Me aterra la idea de quedarme sin gafas, la posibilidad, por ejemplo, de caerme en la calle y romperlas, y siempre llevo un par de repuesto en el bolsillo. No hablo de mi salud, de los cuatro años pasados en el sanatorio, de los catorce a los dieciocho, de los controles a los que he tenido que someterme hasta estos últimos años. Todo eso no está relacionado con la impaciencia que intento definir.

La verdad es que al principio yo había tenido pocas posibilidades de llevar una vida normal, y todavía menos de crearme una posición decente y de fundar una familia.

Sin embargo, me había convertido en un hombre feliz, que conste. Amaba a mi mujer. Amaba a mi hija. Me gustaban mi casa, mis costumbres y hasta mi calle tranquila y soleada, que iba a parar al Mosa.

No es menos cierto que el día de la declaración de guerra me sentí aliviado.

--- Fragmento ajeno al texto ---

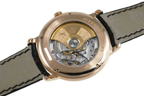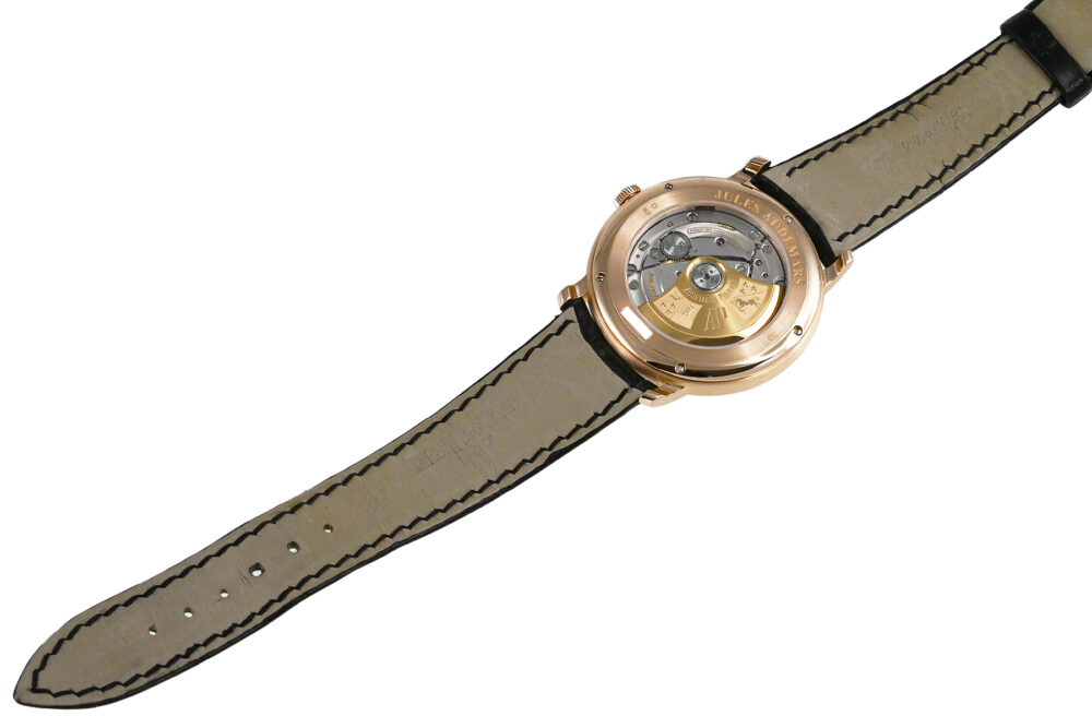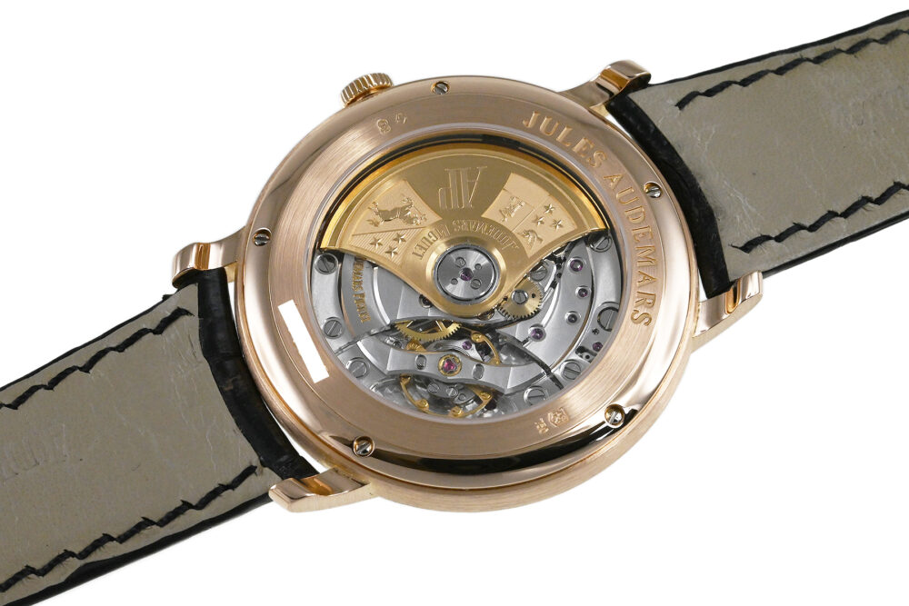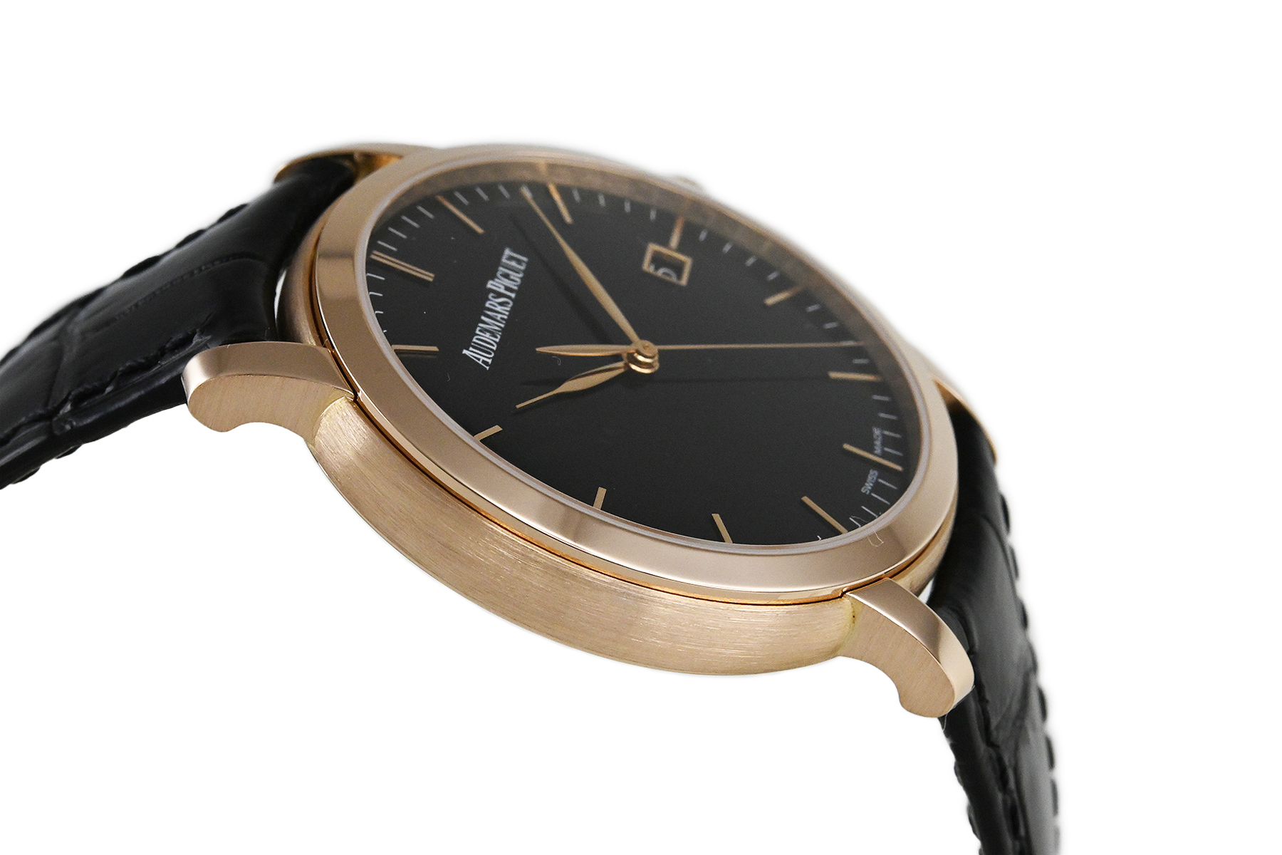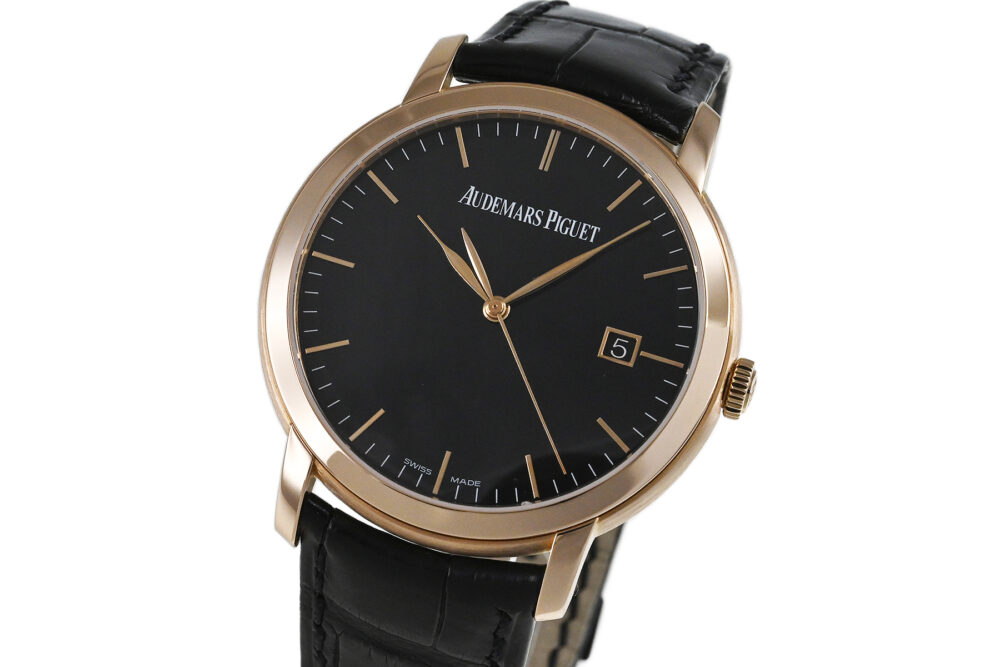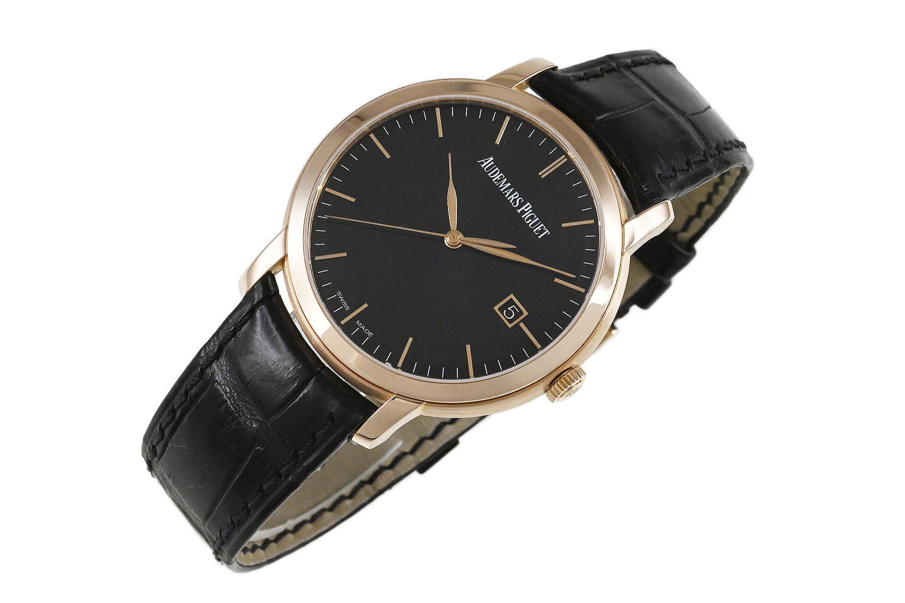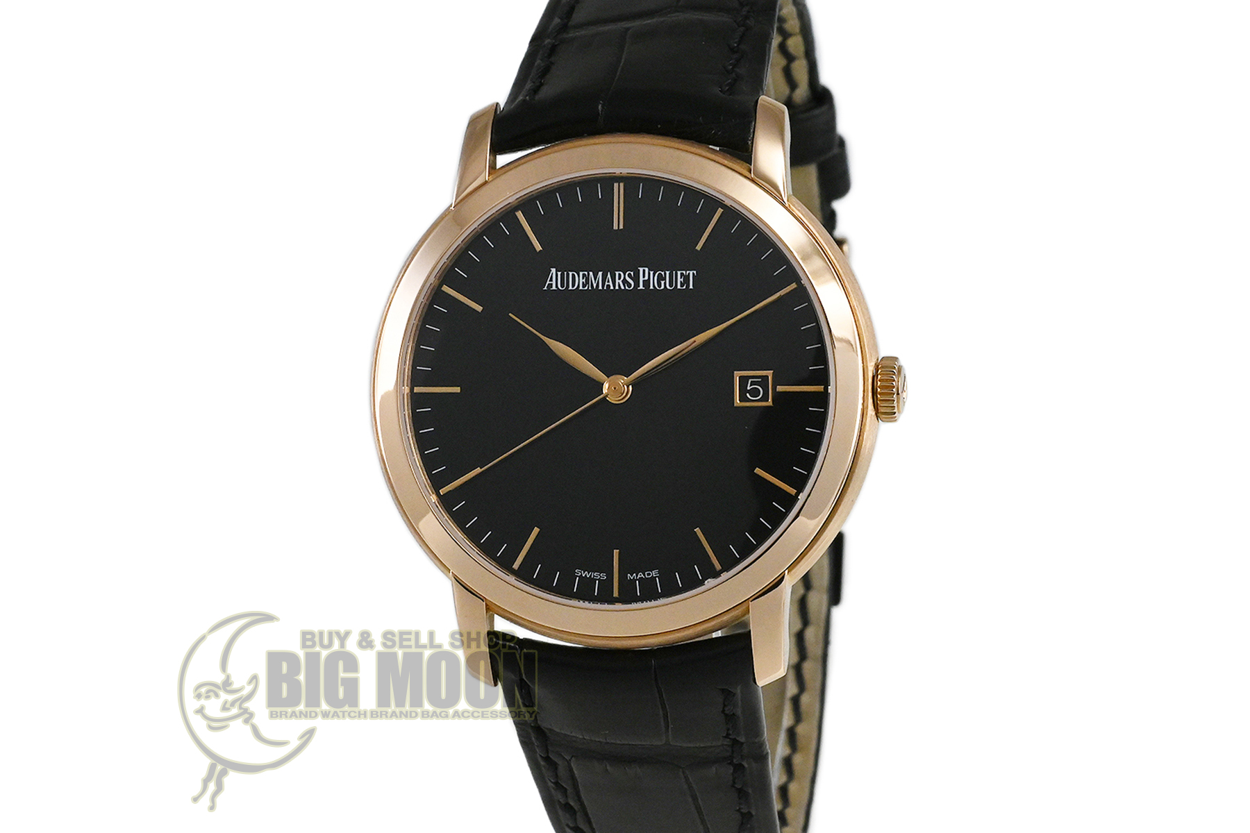 | コメント | 1875年創業、世界三大高級時計ブランドのひとつ「オーデマ ピゲ」。創業者の1人であるジュール・オーデマの名を冠したコレクションです。K18ピンクゴールド製のシンプルなラウンドケースにキレイなブラックダイアルが上品なモデルです。裏蓋シースルーバックとなっています。少々の細かな軽い擦れはありますが目立つ様なキズはありません。ガラスエッジ部分(5時位置)にキズがあります。国内正規店にて購入品です。 |

Me sorprendí diciendo en voz alta:

—Tenía que ocurrir.

Mi mujer me miró con asombro.

—¿Por qué?

—Por nada. Estaba seguro.

Para mí, no era ni Francia ni Alemania, ni Polonia, ni Inglaterra, ni Hitler, ni el nazismo ni el comunismo lo que estaba en juego. Apenas habría podido citar el nombre de tres o cuatro ministros franceses, por haberlos escuchado en la radio.

¡No! Aquella guerra, que estallaba de pronto tras un año de calma aparente, era un asunto personal entre el destino y yo.

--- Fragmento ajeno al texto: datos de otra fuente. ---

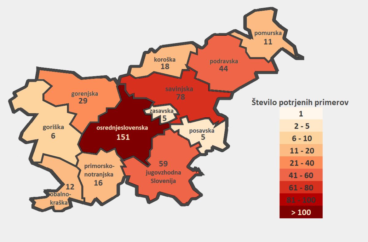 Danes, do 10. ure je bilo na NIJZ sporočeno 440 potrjenih primerov z novim koronavirusom (SARS-CoV-2). Po epidemioloških podatkih obolele osebe prihajajo iz naslednjih statističnih regij : 151 iz osrednjeslovenske, 78 iz savinjske, 59 iz jugovzhodne Slovenije, 44 iz podravske, 29 iz gorenjske, 18 iz koroške, 16 iz primorsko-notranjske, 12 iz obalno-kraške, 11 iz pomurske, šest iz goriške ter pet iz posavske in zasavske regije. Šest obolelih je tujih državljanov.
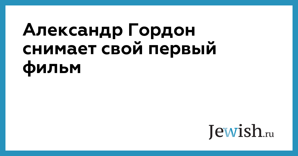 Александр Гордон снимает свой первый фильм
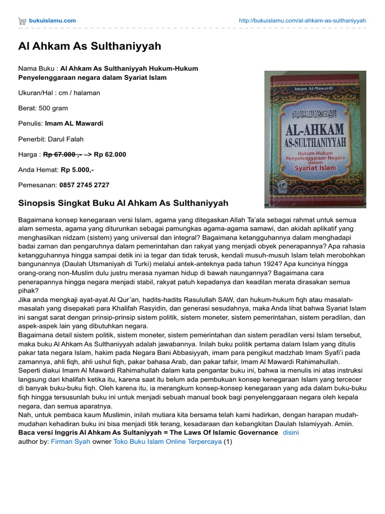 Are you looking for something related to Terjemahan Kitab Al Ahkam Al Sulthaniyyah ? Congrats you come to the right places. In this post i will share you about Terjemahan Kitab Al Ahkam Al Sulthaniyyah , not only the Images but also the PDF file related to Terjemahan Kitab Al Ahkam Al Sulthaniyyah
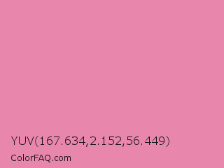 YUV 167.634,2.152,56.449 Color is a light rose color and the nearest color is Carissma #ea88a8. Hex code #e886ac and RGB value is rgb(232,134,172). In RGB color space, this color is composed of 91% red, 53% green, 67% blue, In CMYK color space, this color is composed of 0% cyan, 42% magenta, 26% yellow , 9% black , In HSL color space, this color has a hue angle of 337° , 68% saturation and 72% lightness.
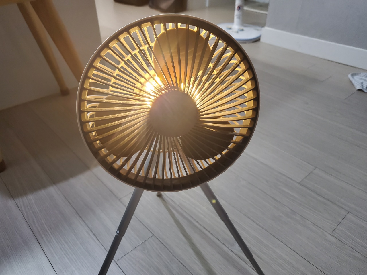 그리고 헤드 각도가 조절이 되는데요. 이건 어느 선풍기와 마찬가지로 수동으로 조작을 해줘야 합니다. 이 부분은 어디에나 있는 부분이니까 꼭 있어야 하는 부분이죠. 그리고 센스 있게 버튼을 누르면 선풍기 날개 뒤로 조명도 나옵니다. 캠 가서 저녁에 음식 할 때 밤에 불멍 할 때 옆에 두면 정말 편해요 조명이 따로 필요 없으니까요. 지나가다 치고 넘어 뜨릴일도 없고요.

De niño ya viví una guerra en esta misma ciudad, en Fumay, porque en 1914 yo tenía seis años. Vi partir a mi padre de uniforme una mañana en la que llovía a cántaros, y mi madre estuvo con los ojos enrojecidos todo el día. Durante casi cuatro años escuché el fragor de los cañones, sobre todo cuando íbamos a algún sitio elevado. Me acuerdo de los alemanes y de sus cascos puntiagudos, de los capotes de los oficiales, de los carteles en las paredes, del racionamiento, del mal sabor del pan, de la falta de azúcar, de mantequilla y de patatas.

Una tarde de noviembre vi a mi madre que volvía a casa desnuda, con los cabellos cortados al cero, lanzando insultos y palabras soeces a unos jóvenes que la seguían.

Yo tenía diez años. Vivíamos en el centro, en un primer piso. Por todas partes sonaban gritos, música, petardos.

Se vistió sin mirarme, con aire de loca, mientras pronunciaba sin cesar palabras que nunca le había oído. Luego, cuando ya estaba arreglada, con un pañuelo alrededor de la cabeza, se percató de mi presencia.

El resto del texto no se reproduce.